Description
In SimplerEnv maniskill3 branch, we would like to apply RDT to a series task of 'widowx bridge'. However, the environment only supports widowx robot with delta ee_pose controller instead of the absolute ee_pose controller.
I found that when pretrained, the input of RDT is "arm_joint_0_pos,arm_joint_1_pos,arm_joint_2_pos,arm_joint_3_pos,arm_joint_4_pos,arm_joint_5_pos,gripper_joint_0_pos,eef_pos_x,eef_pos_y,eef_pos_z,eef_angle_0,eef_angle_1,eef_angle_2,eef_angle_3,eef_angle_4,eef_angle_5"

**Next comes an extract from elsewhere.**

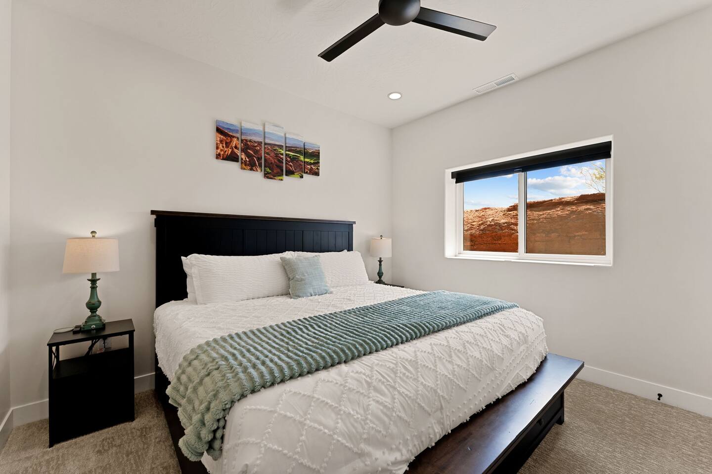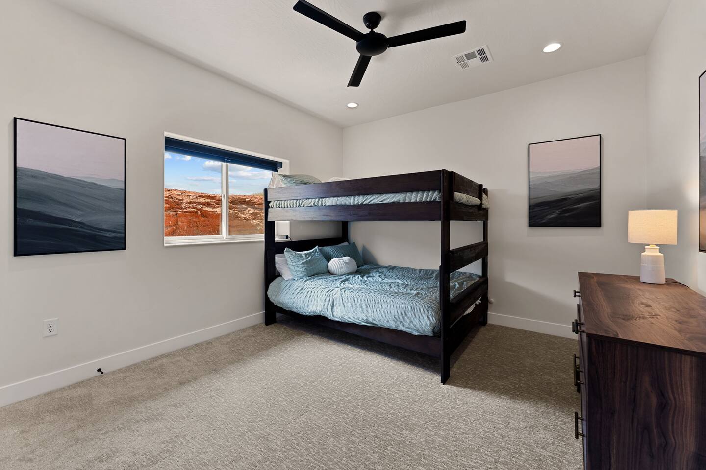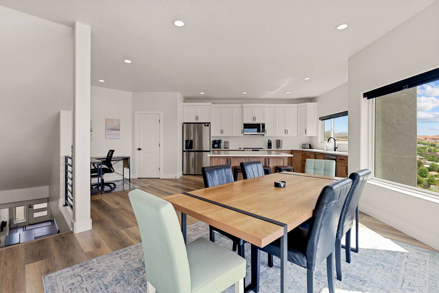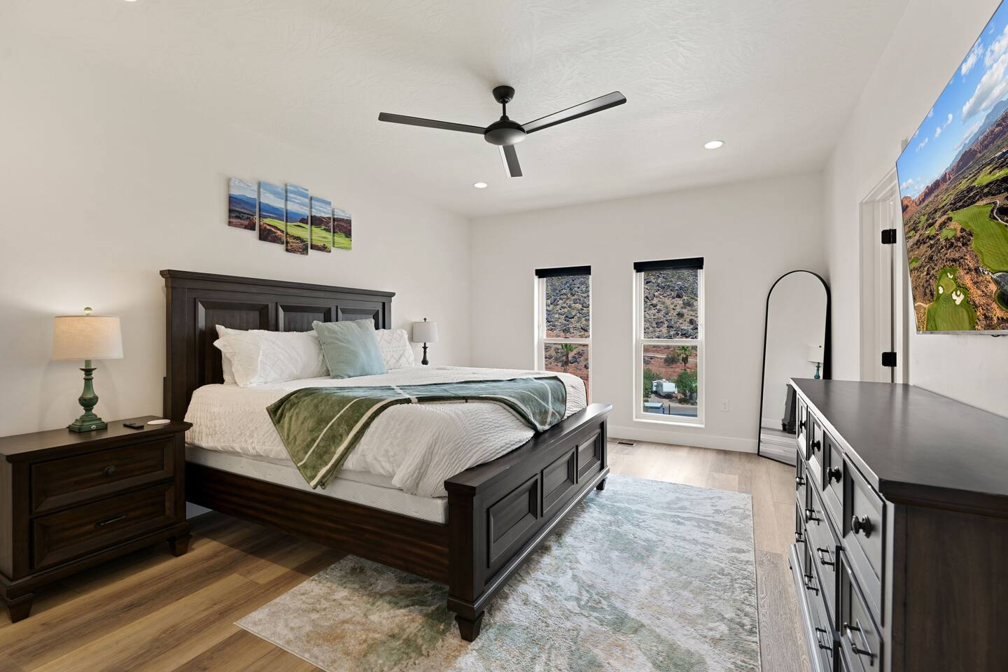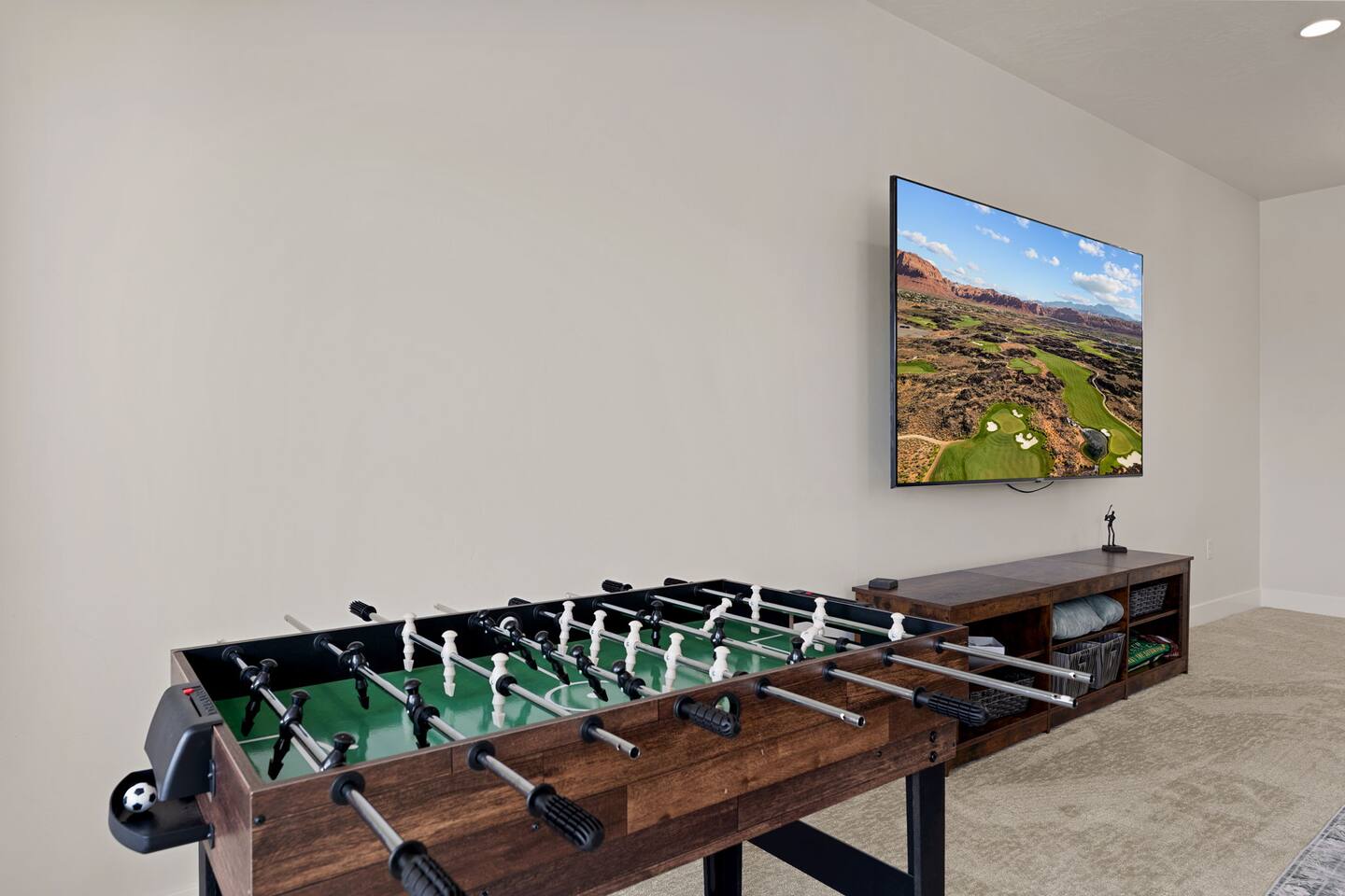 Message us for a special offer on your summer stay! As you step inside, the first floor welcomes you with a two-car deep garage equipped with an EV charger and a stylish entryway. Down the hall, you'll discover the first cozy king master bedroom with an ensuite bathroom, a plush mattress, and a flat-screen TV. Above the bed, there's a beautiful photo of Sand Hollow Golf Resort course. Continuing on, you'll find the hall bathroom, a fully stocked laundry room ready for use, and the second bedroom with queen over queen adult bunk beds, with the top bunk rated to 400 lbs and ample storage. Both bathrooms are equipped with all essential soaps and deluxe towels for your comfort. The second floor boasts a large, open-concept kitchen, dining, and game area with breathtaking 360-degree views of St. George, Zion National Park, and the mesas beyond. The kitchen is fully equipped with all the essentials, plus a blender, crockpot, and waffle iron. The island counter can accommodate 3 people, while the kitchen table comfortably seats 8. Adjacent to the kitchen is a large work station with fast WiFi. Step outside to the expansive balcony, where you'll find seating for 6 around a cozy fire table, perfect for enjoying evening sunsets. Enjoy the pool room, perfect for great billiard fun, complete with a 65-inch TV for watching the game. Off this room is a convenient half bath. The second king master bedroom features an ensuite bathroom, a flat-screen TV, and a plush mattress, adorned with art depicting the Desert Color Resort. The third floor is dedicated to fun and relaxation. It features a game cabinet filled with a variety of entertainment options, a versatile 10-in-1 foosball game table, and a spacious modular sectional that seats 10. Enjoy movie nights on the massive 86-inch TV, practice your putting skills on the indoor green, or challenge friends to a mini putt-putt golf game. The space is adorned with art from the Black Desert Golf Resort and vintage golf patent designs. Step out onto the rooftop patio to unwind in the 6-person hot tub, offering breathtaking views of the city skyline and twinkling city lights. This stunning property offers the perfect blend of luxury and entertainment, with amenities designed for both relaxation and fun. Whether you're enjoying the breathtaking views from the rooftop hot tub, hosting a movie night on the third floor, playing a game of pool, or cooking a delicious meal in the fully equipped kitchen, there's something for everyone. Don't miss out on this incredible getaway—book your stay today and experience all that this unique home has to offer!

, but I can't find the output data format [action["format"]].
According to #14 ,I guessed the output data is the future absolute state(joint_pos(6), gripper(1) and ee_pose(9))
. So I tried to use the future 6-dimensional joint_pos of widowx, solve FK to get the ee_pose and finally set delta_ee_pose = predict_ee_pose - last_obs_ee_pose
to delta ee_pose controller that we only have.[Actually I tried to use the future ee_pose(9), but its performance is very poor, and the delta ee_pose is an order of magnitude larger.]
However, the widowx arm is the swinging near the initial pose. And sometimes the arm goes back until out of the observation. Just like #52 , the widowx didn't work as expected and the robot moved in the wrong direction.
Question 1 : Is this the expected performance of the pre-trained model(RDT-1B)?
Question 2 : Is there an issue with the input and output data format I used? Can the pre-trained RDT-1B model output delta_ee_pose? If so, where is the output stored in the unified action space? What is the input and output format during pretraining in Bridge V2?
Question 3 : What is the coordinate system used during the pretraining of this RDT-1B? When evaluating the policy, I am unsure which point should be used as the origin of the coordinate system to avoid affecting output performance.